Analysis of variance was performed with the mixed procedure of SAS software version 9.2 (SAS Institute Inc., Cary, NC, USA) using Restricted Maximum Likelihood estimation of covariances. Analyses were performed in-line with International Organization for Standardization (ISO) standard ISO5725 and National Committee for Clinical Laboratory Standards (NCCLS) guideline Evaluation Of Precision Performance Of Quantitative Measurement Methods (EP5-A2). The estimated variance components were within-laboratory, between-laboratory, and between-lot variability. Following a widely accepted statistical convention, negative variance estimates were set to 0.

3. Results

3.1. Participants and analytical techniques

Forty laboratories participated (Supplementary Table 2). Two laboratories participated only in the first round, and three laboratories participated only in the second round. The laboratories used INNOTEST ELISAs (n = 26), Luminex xMAP with the INNO-BIA AlzBio3 kit (n = 14), and MSD with the Aβ triplex kit (n = 4 in the first round, n = 5 in the second round) or T-tau kit (MSD) (n =1). Aβ triplex may be used with different Aβ detection antibodies. The 4G8 antibody binds to Aβ amino acid residues 18-22, and the 6E10 antibody binds to residues 3-8. Both these antibodies were used by laboratories in the program. Every sample volume was enough for duplicate analyses with ELISA (T-tau: 2 × 25 μL, Aβ-42: 2 × 25μL, and P-tau: 2 × 25 μL), xMAP (2 × 75 μL), and MSD (Aβ triplex: 2 × 25 μL and T-tau: 2 ×25 μL), or combinations of these. Several laboratories used multiple techniques.

3.2. Total variability

Results were grouped according to analytical techniques and samples. The total CVs among centers were 16% to 28% for ELISA (Fig. 1 A–C), 13% to 36% for xMAP (Fig. 1D–F), and 16% to 36% for MSD (Fig. 1G–I). CVs for MSD must be interpreted with caution, because they include both the 4G8 and 6E10 assays, and the 6E10 and the 4G8 antibodies bind to different epitopes on the Aβ peptide. Note that, given the study design of one reported mean value per sample and laboratory, this total variability includes both within- and between-center variability.

Fig. 1
Results for enzyme-linked immunosorbent assay (ELISA; A–C), xMAP (D–F), and Meso Scale Discovery (G–I) from rounds 1 (1A and 1B) and 2 (2A and 2B). Panels B, C, E, and F have secondary y-axes owing to large differences between ...

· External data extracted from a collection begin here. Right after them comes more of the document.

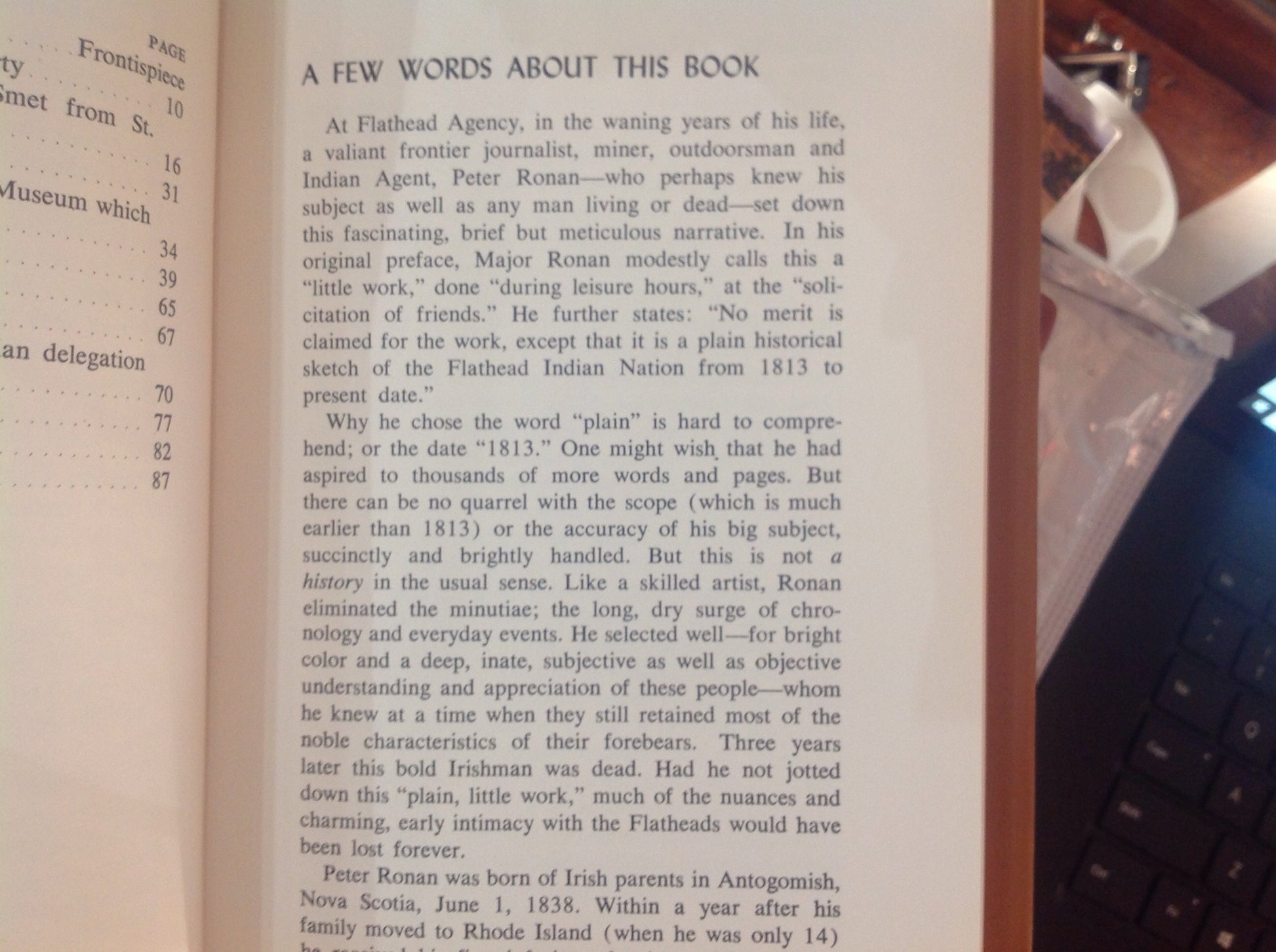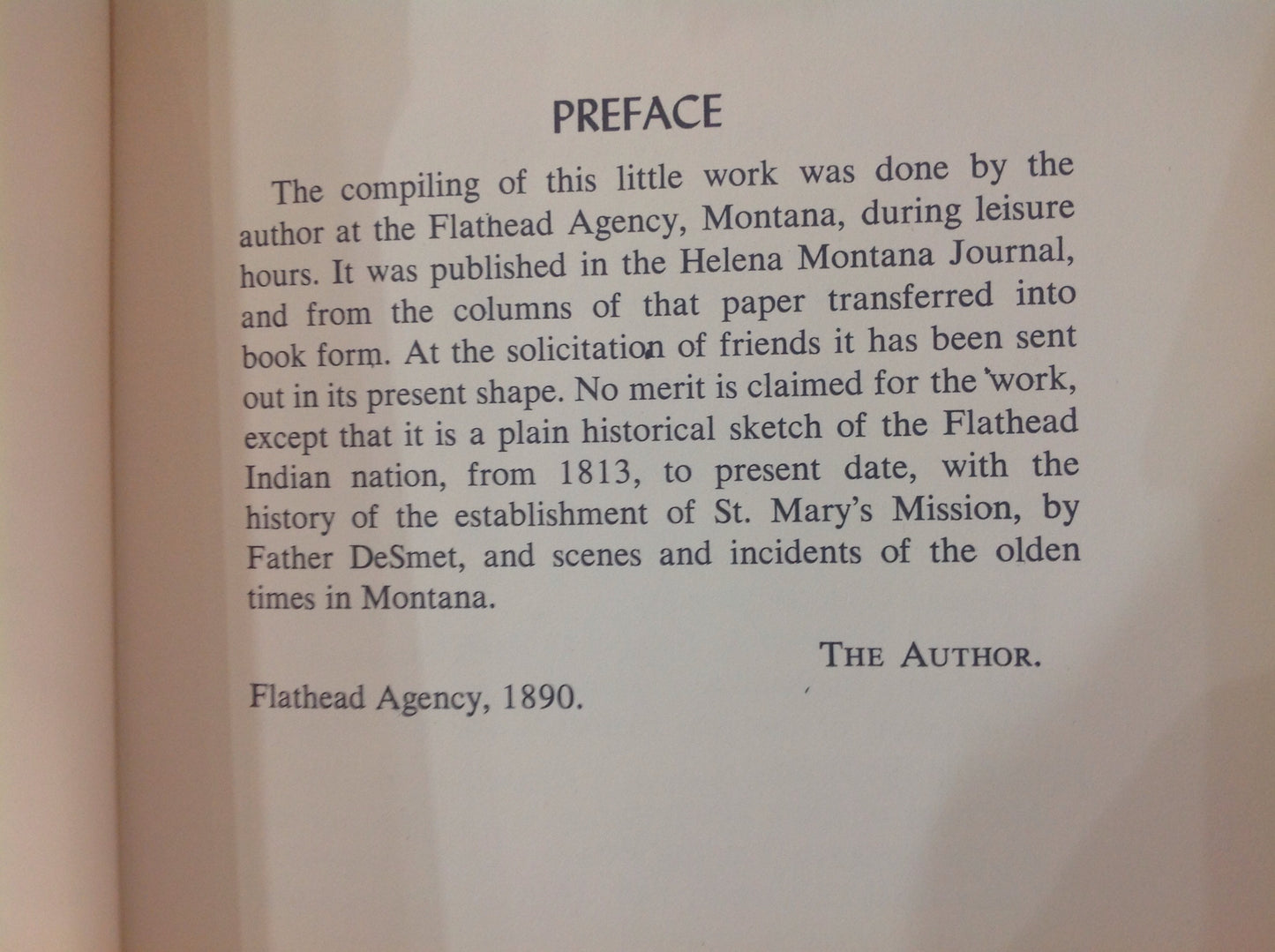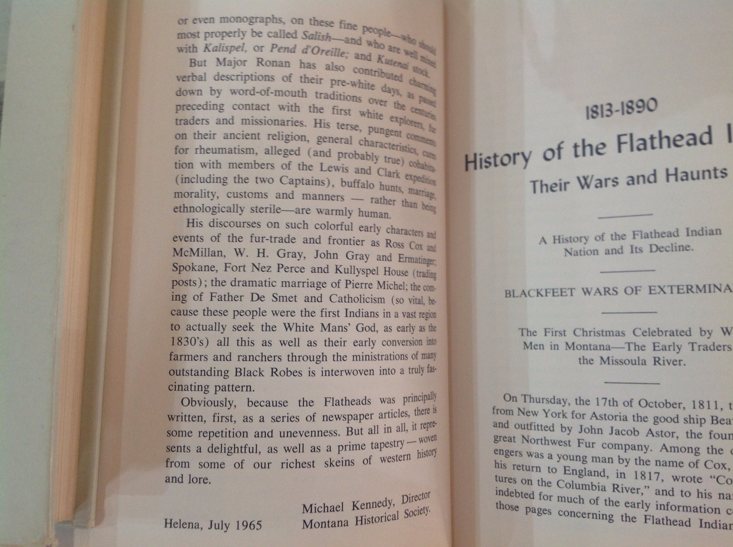 A detailed and well documented account of the tribe(s) that became the Flathead Indian Nation. The "Forward" was added to this printing in 1965 by Michael Kennedy, then the Director of the Montana Historical Society.
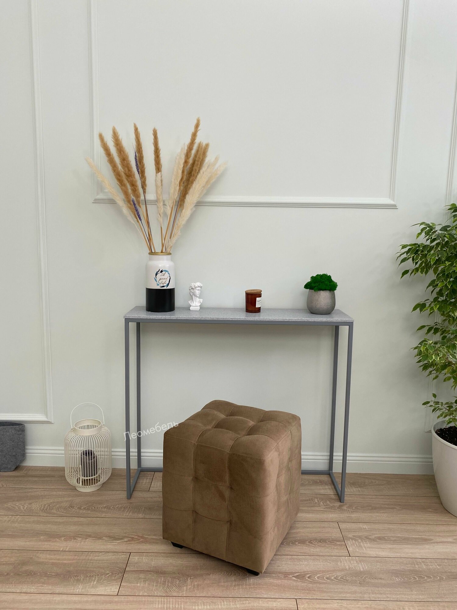 Пуфик для прихожей Леомебель велюровый 43,5х39х39 Серый
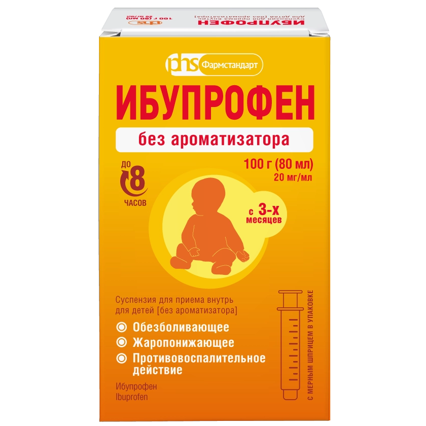 Ибупрофен 20 мг/мл 80 мл суспензия для приема внутрь для детей без ароматизатора + мерный шприц

3.3. Correlations between A and B samples

For each round and analyte, correlations between results for the A and B samples were analyzed for ELISA, xMAP, and MSD (Supplementary Fig. 2). In the ideal situation, the measured concentration range is small, and the correlation is then of secondary interest. However, when the range is wide, as in the present results, a high correlation indicates differences between laboratories but consistency within laboratories, whereas a low correlation may indicate inconsistency within laboratories combined with other variation.

3.4. Within-laboratory precision

Within-laboratory CVs were examined at the reference laboratories for ELISA and xMAP in the first (Figs. 2 and and3)3) and the second round (Figs. 4 and and5).5). CVs were 3.2% to 24% for ELISA and 2.3% to 26% for xMAP, but differed between analytes within individual laboratories, indicating assay-dependent variations. For example, in xMAP runs for sample 2009-1A, reference laboratory 5 had low variations for Aβ-42 and T-tau but high variation for P-tau (Fig. 3A–C). For the same analyte and platform, important differences in within-center variability could be noticed among reference laboratories. Most striking are the consistently low CVs for Aβ-42 measured with xMAP by reference laboratory 5. Also, a platform-dependent variation was observed with larger differences in mean levels between laboratories for the xMAP format as compared with ELISA.

Fig. 2
ELISA results from the reference laboratories from the first round. Results for sample 2009-1A are shown in panels A–C, and results for sample 2009-1B are shown in panels D–F.
Fig. 3
xMAP results from the reference laboratories from the first round. Results for sample 2009-1A are shown in panels A–C, and results for sample 2009-1B are shown in panels D–F. Data points missing in panels B and E are because of experimental ...
Fig. 4
ELISA results from the reference laboratories from the second round. Results for sample 2010-2A are shown in panels A–C, and results for sample 2010-2B are shown in panels D–F.
Fig. 5
xMAP results from the reference laboratories from the second round. Results for sample 2010-2A are shown in panels A–C, and results for sample 2010-2B are shown in panels D–F.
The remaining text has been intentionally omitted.